Орудовцу, конечно, и в голову не могло прийти, что он присутствует при значительном явлении русской поэзии, передаче жезла. Скорее всего это не приходило в голову и прямым участникам события. Ахматова недоумевала, Ахмадулина мучилась от неслыханного юношеского унижения. Что ж, передача жезла не всегда происходит на царскосельских торжественных актах.
Когда Ахматова умерла в 1966 году, Ахмадулиной было 29 лет.
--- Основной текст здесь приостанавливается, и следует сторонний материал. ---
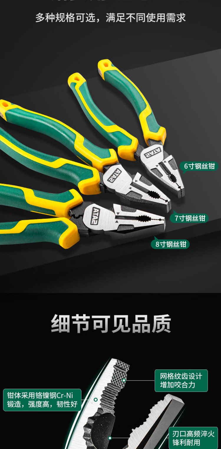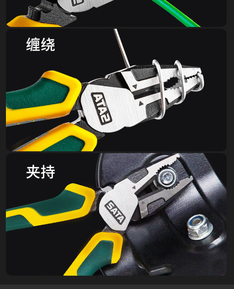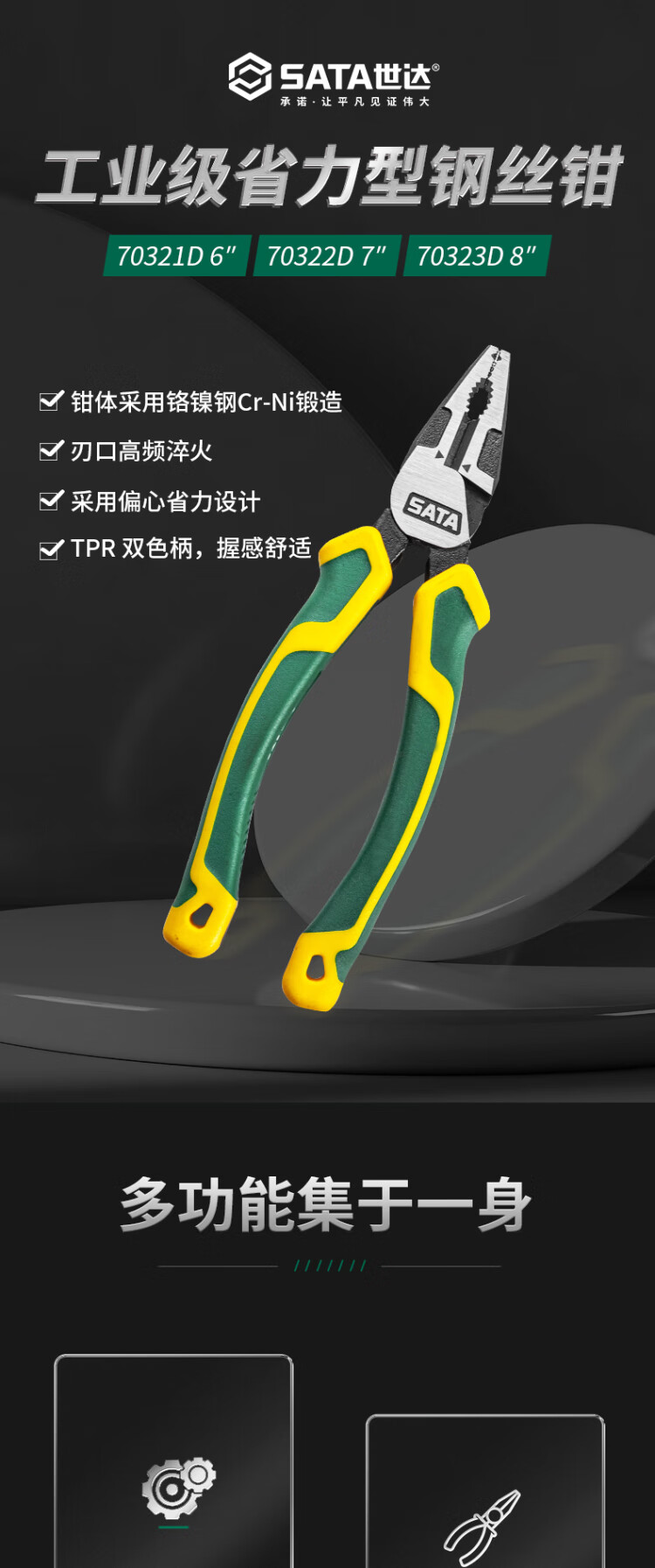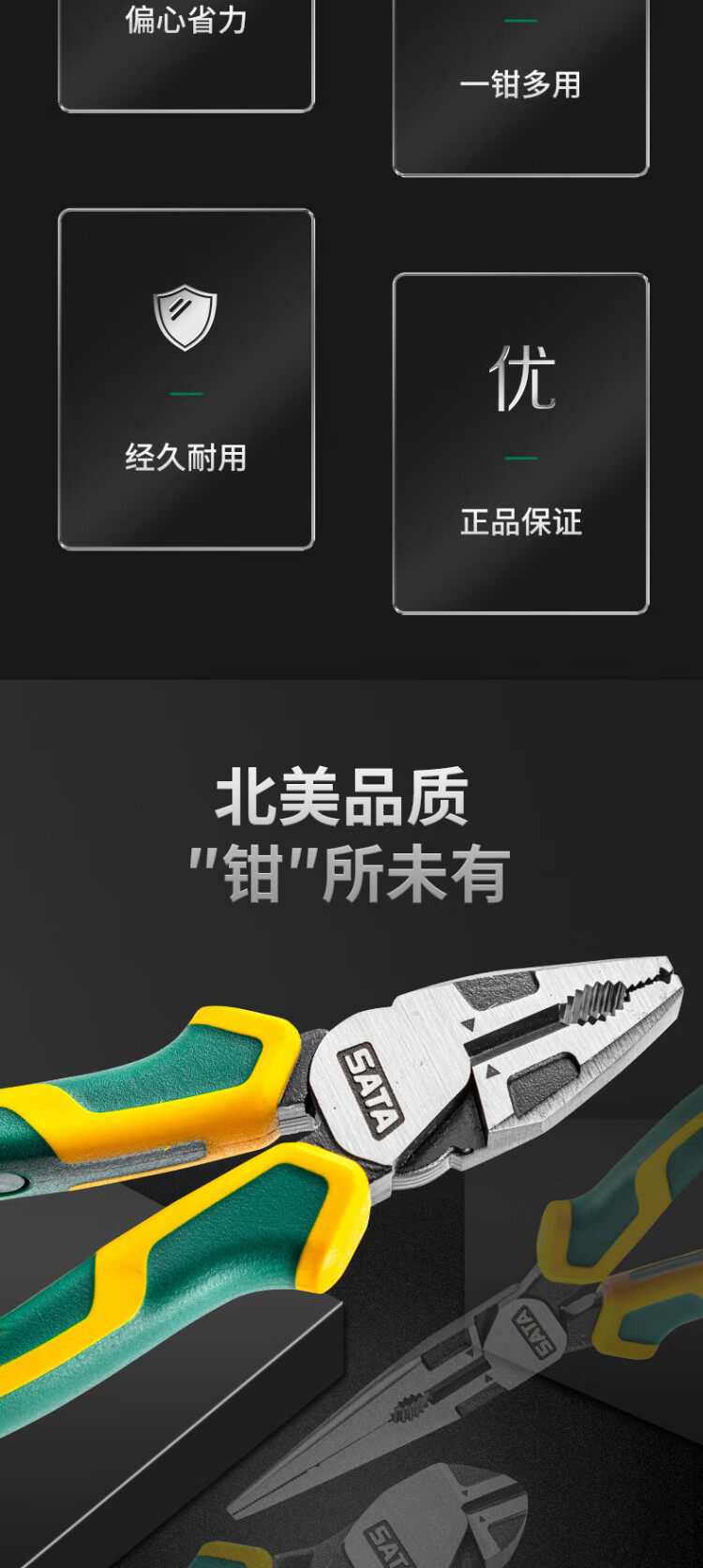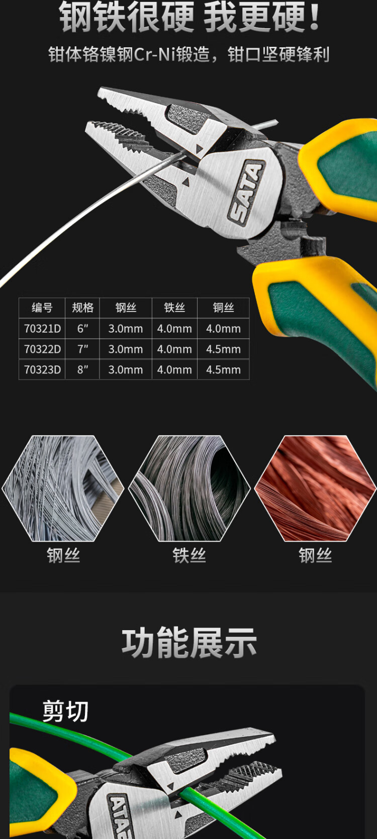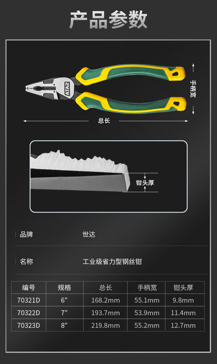 世达钢丝钳老虎钳6寸7寸8寸电工省力型日式钳子工具德国进口 70322A/日式7寸 单位:把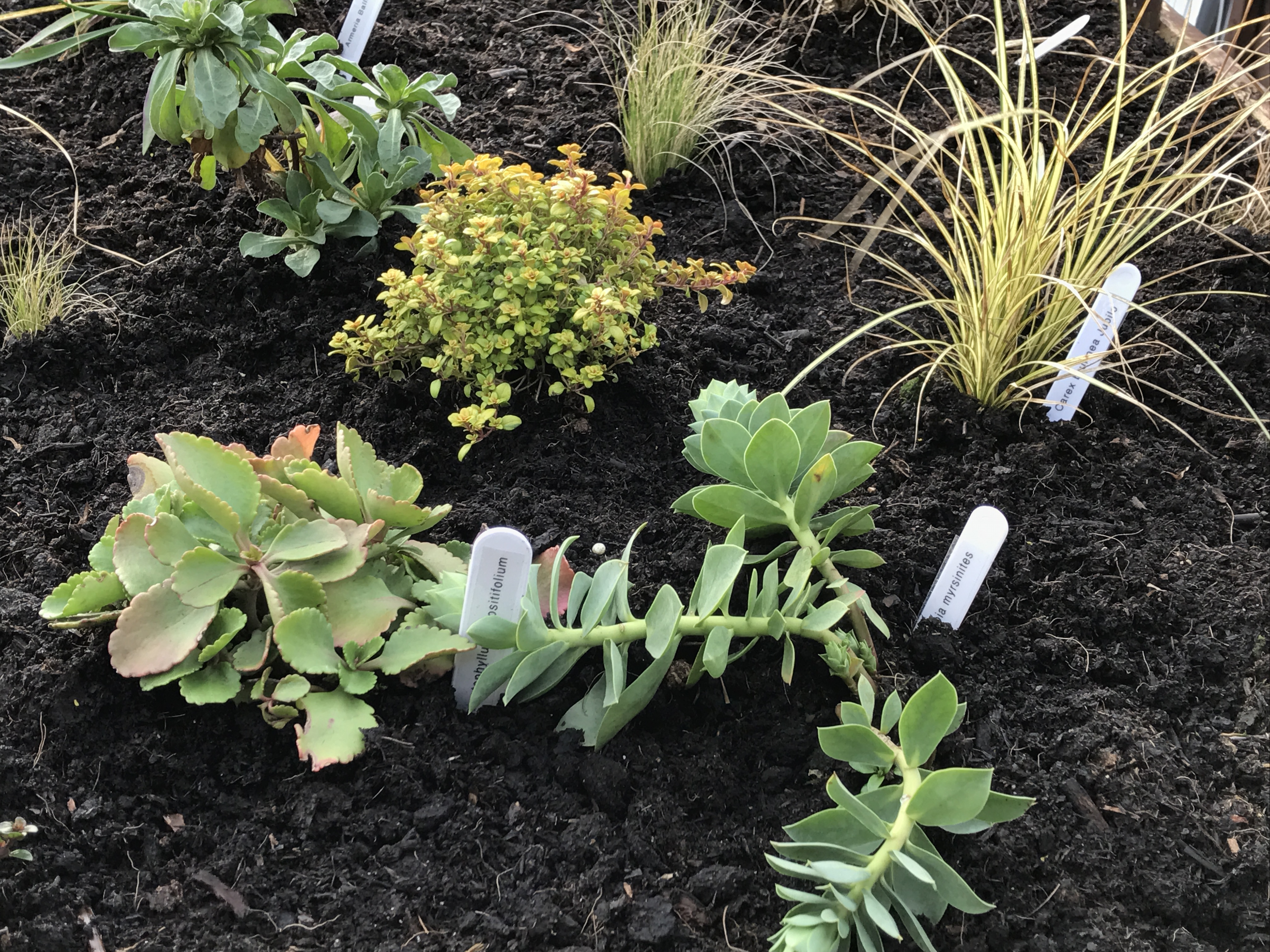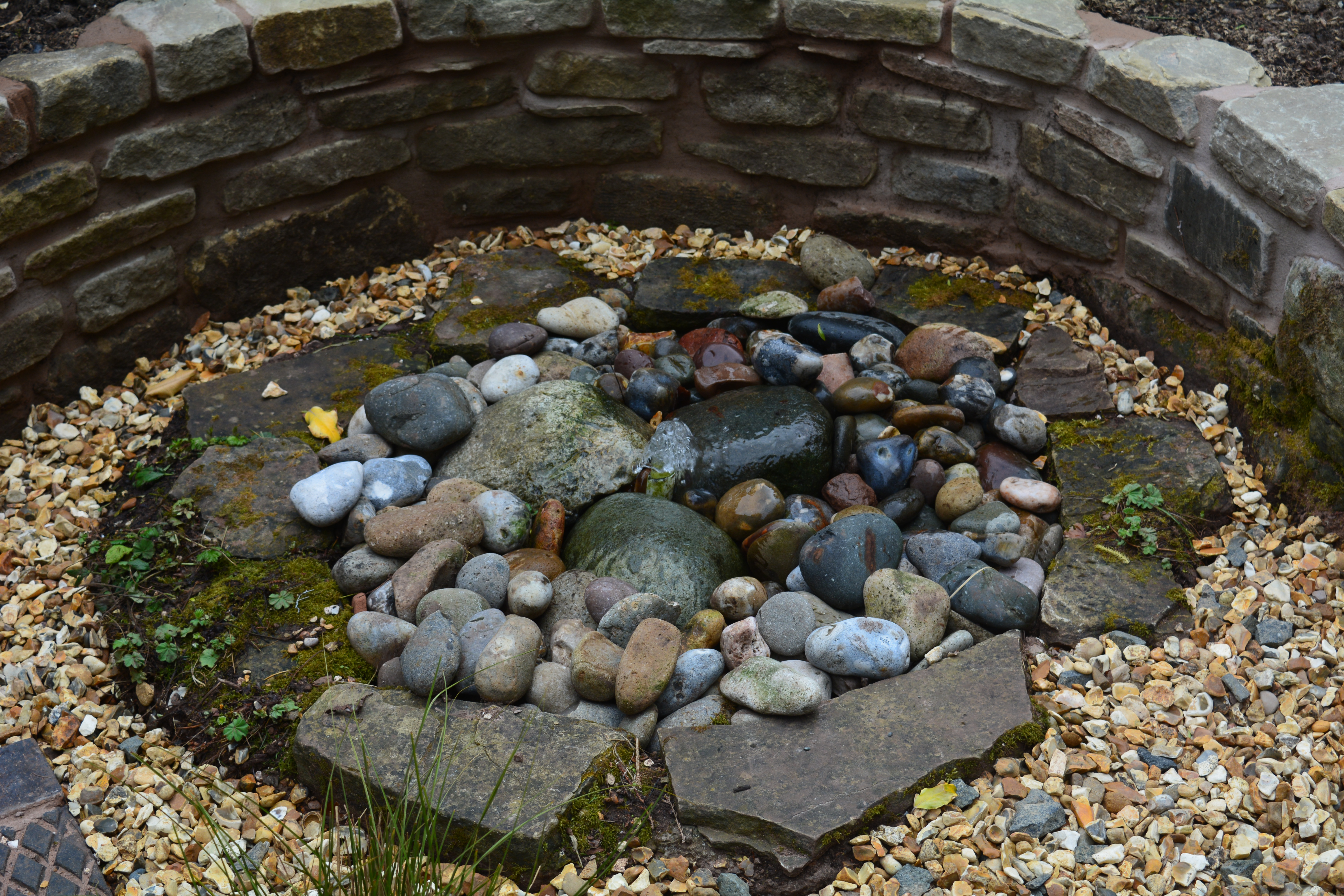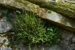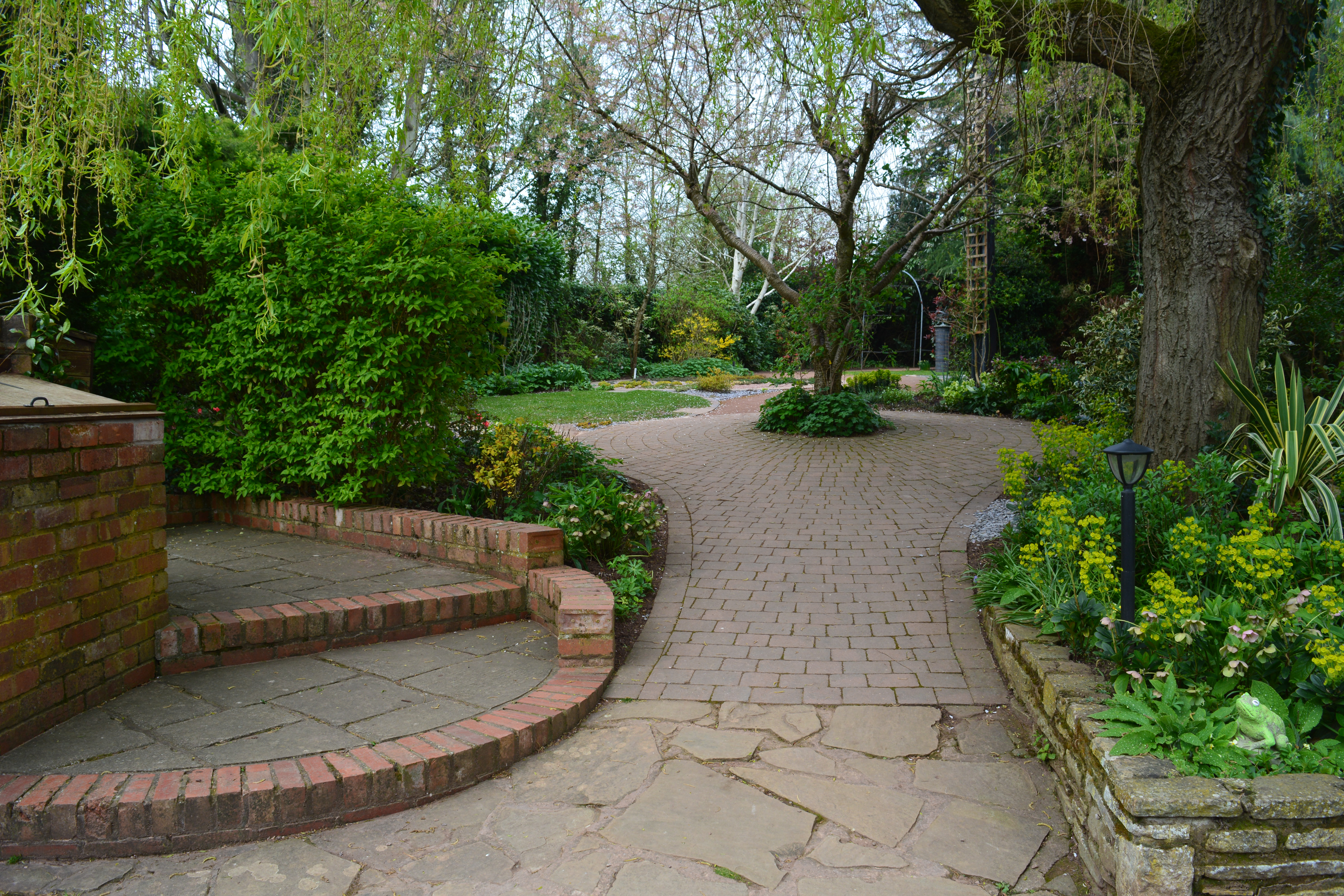The autumn light emphasised the texture on this bronze sculpture and on the much newer tunnel archway which marks the way into the display gardens. It gave an all new look to the low slate walls around one of these gardens too. It again emphasised the texture but brought out extra colours too. The light similarly added colour to the plants and to the glass panels featured in another of the display gardens.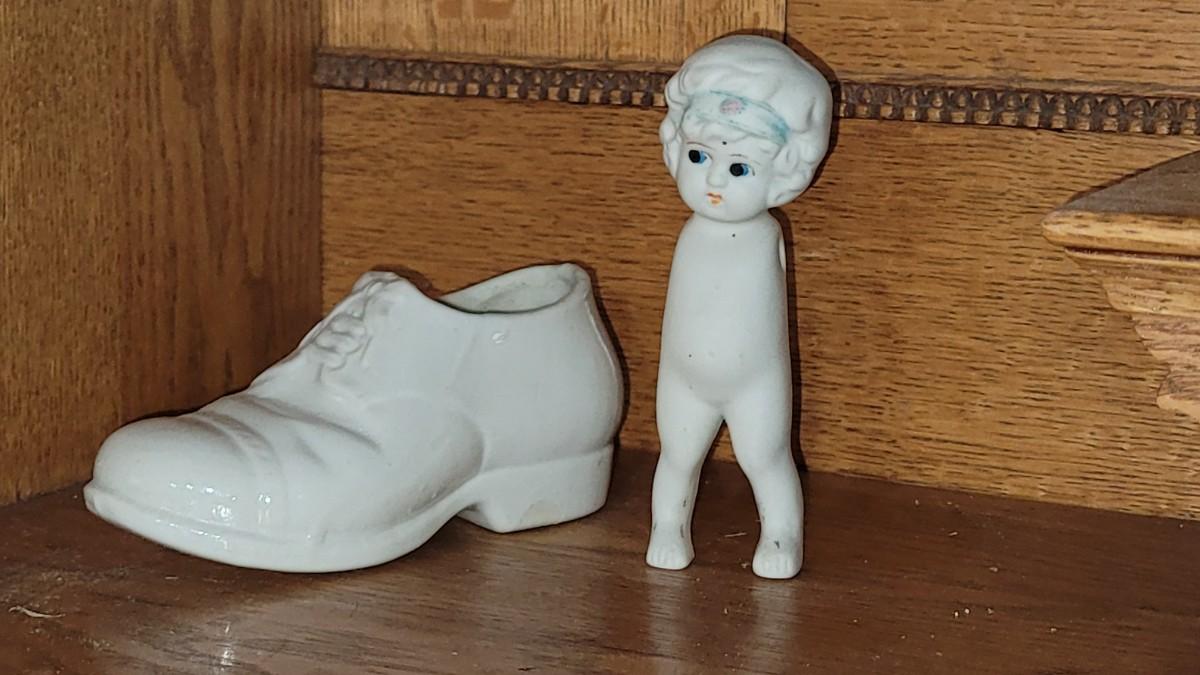 Lot 101: Antique Porcelain Doll Body & White Shoe

Она родилась, стало быть, в год принятия Великой Сталинской Конституции, в достославный 1937-й.
Русский поэт в прошлом ставил под вопросом место своего рождения, нынче поэт мучительно обозревает время своего появления на свет – много ли вокруг совершено преступлений?
- Я думала в уютный час дождя,
- а вдруг и впрямь по логике наитья,
- заведомо безнравственно дитя,
- рожденное вблизи кровопролитья.
В отместку палачам младенцы тридцатых годов как раз оказались первым советским поколением, вернувшимся к основам нравственности.
Обозревая сейчас из столь далекого далека (вот эту строчку, например, пишу в горной деревне Шугарбуш, штат Вермонт) различные периоды Ахмадулиной (если можно так сказать о Белке, добром друге времен соседства и разлуки), я думаю о том, как гармонично и естественно все это протекало.
Вот где-то стала мелькать на молодых сборищах, описанных Евтушенко, высокомерная студентка с «тяжелокованной косой». Молодые влюбленности, «зеленый ветер шипра», бурная, загульная погоня за ассоциативной рифмой, просвисты вдоль московской поземки.
Оттепельная, едва ли не развязная (во всяком случае развязанная) рифмовка вырабатывала походку и мимику молодого литературного поколения.
- Я так щедра была, щедра
- В счастливом предвкушеньи пенья
- и с легкомыслием щегла
- я окунала в воздух перья.
Недорого я дам за писателя, не испытавшего в юности этого щеглиного легкомыслия и неряшливой щедрости, с которой опять же в поисках ассоциативки удалой ты сравниваешь мазурку и мензурку «внутри с водою голубой»… писателя, не замиравшего в комическом утреннем ошеломлении перед автоматом с газированной водой и перед другими источниками питья, пусть это хоть подземный метрошный конус с томатным соком…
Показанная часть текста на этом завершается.